Karena sekarang dia adalah harapan terakhir sekte tersebut. Jika dia gagal, mungkin butuh seribu tahun atau bahkan periode waktu yang lebih singkat dari ini, sebelum sekte-sekte tersebut sepenuhnya terlepas dari kelas penguasa dan menjadi pion yang dapat dimanipulasi sesuka hati.
Untungnya, keberuntungannya tidak buruk. Setidaknya untuk saat ini, rencananya berhasil.
Bangsa barbar Barat pasti sudah waspada…
Pemimpin Sekte Iblis Malam mengangkat kepalanya dan menatap ke utara dengan mata dingin.
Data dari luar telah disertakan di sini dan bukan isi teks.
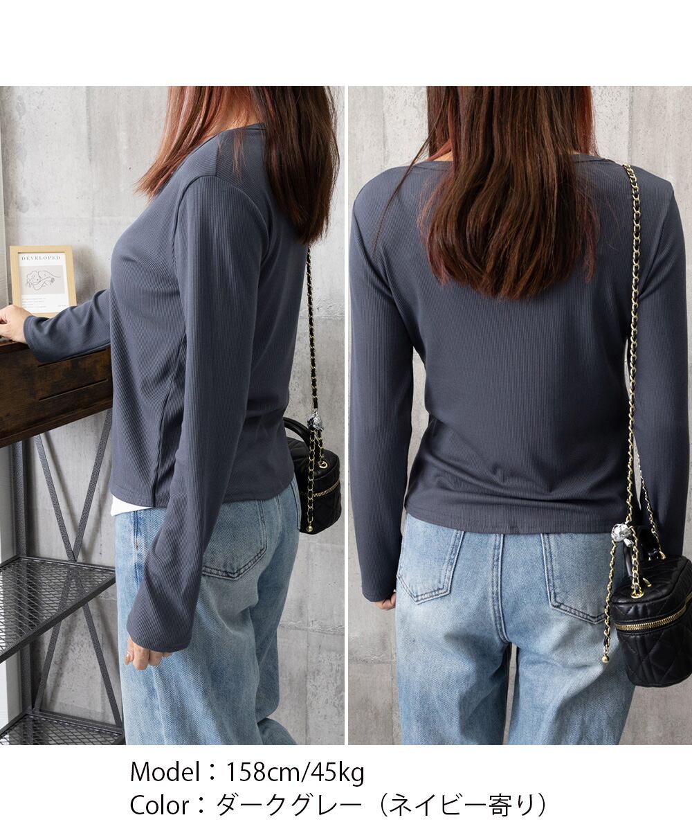 着やせトップス 黒 長袖タイトtシャツ 細身カットソー無地

Di sanalah letak makam Raja Barbar, dan tempat itu juga akan menjadi medan pertempuran yang mengerikan.
Dan dia yakin bahwa dialah yang akan menjadi pemenang yang akan tertawa terakhir dalam pembantaian ini!
…….
Tanpa petunjuk arah atau bahkan perkiraan lokasi, Qin Yu tetap yakin akan lokasi makam Raja Barbar tersebut.
Ini semua karena Bangsa Ilahi!
Ia samar-samar dapat merasakan bahwa fluktuasi yang hilang itu seperti guncangan berbentuk cincin yang disebabkan oleh getaran di laut.
Meskipun sangat samar ketika menghilang ke arah laut, bagi Qin Yu, itu masih jelas dan mudah ditangkap.
Menurut pemahaman Qin Yu, alasan terjadinya fenomena ini adalah karena makam Raja Barbar yang tersembunyi akan turun ke dunia.
Benar sekali, itu disembunyikan!
Jika tidak, apakah Anda benar-benar berpikir bahwa Bangsa Barbar Barat adalah sekelompok orang yang benar-benar menghormati Raja Barbar dan mematuhi tata krama? Jika makam itu telah ditemukan, pasti sudah digali sejak lama; tidak akan ada kesempatan bagi Bangsa Terpencil Barat untuk ikut campur.
Melakukan perjalanan sendirian, bersama dengan mantra penyembunyian yang sangat ampuh, Qin Yu maju dengan kecepatan luar biasa.
Dengan menggunakan indra ilahinya untuk memeriksa fluktuasi aura yang dihasilkan oleh makam itu, dia tahu bahwa dia semakin dekat dan semakin dekat.
Akhirnya, ketika angin bertiup begitu kencang hingga dapat dengan mudah merobek tanah dan menghancurkannya menjadi debu yang tak berujung, Qin Yu berhenti di tempatnya.
Di cakrawala, kilat menyambar di langit dan guntur bergemuruh. Diterangi oleh sinar cahaya yang tak terhitung jumlahnya yang menyilaukan, bayangan menjulang di ruang angkasa terus menerus berkelebat dan menghilang.
Dia sudah sampai!
Ini adalah makam Raja Barbar!
Qin Yu menarik napas dalam-dalam dan menahan keinginan untuk bergegas maju menyelidiki. Di bawahnya, tanah retak tanpa suara. Seluruh tubuhnya diselimuti kegelapan, seolah-olah sebuah bayangan telah menelannya.
Belum lagi ancaman dari Bangsa Barbar Barat, ada juga lima Penguasa tingkat puncak yang dikirim oleh Bangsa Terpencil Barat. Salah satu dari mereka bisa membunuhnya di tempat.
Jadi, dia tidak bisa bertindak gegabah!
Yang bisa dilakukan Qin Yu sekarang adalah menyembunyikan tubuh dan auranya dengan baik, dan menunggu saat yang tepat.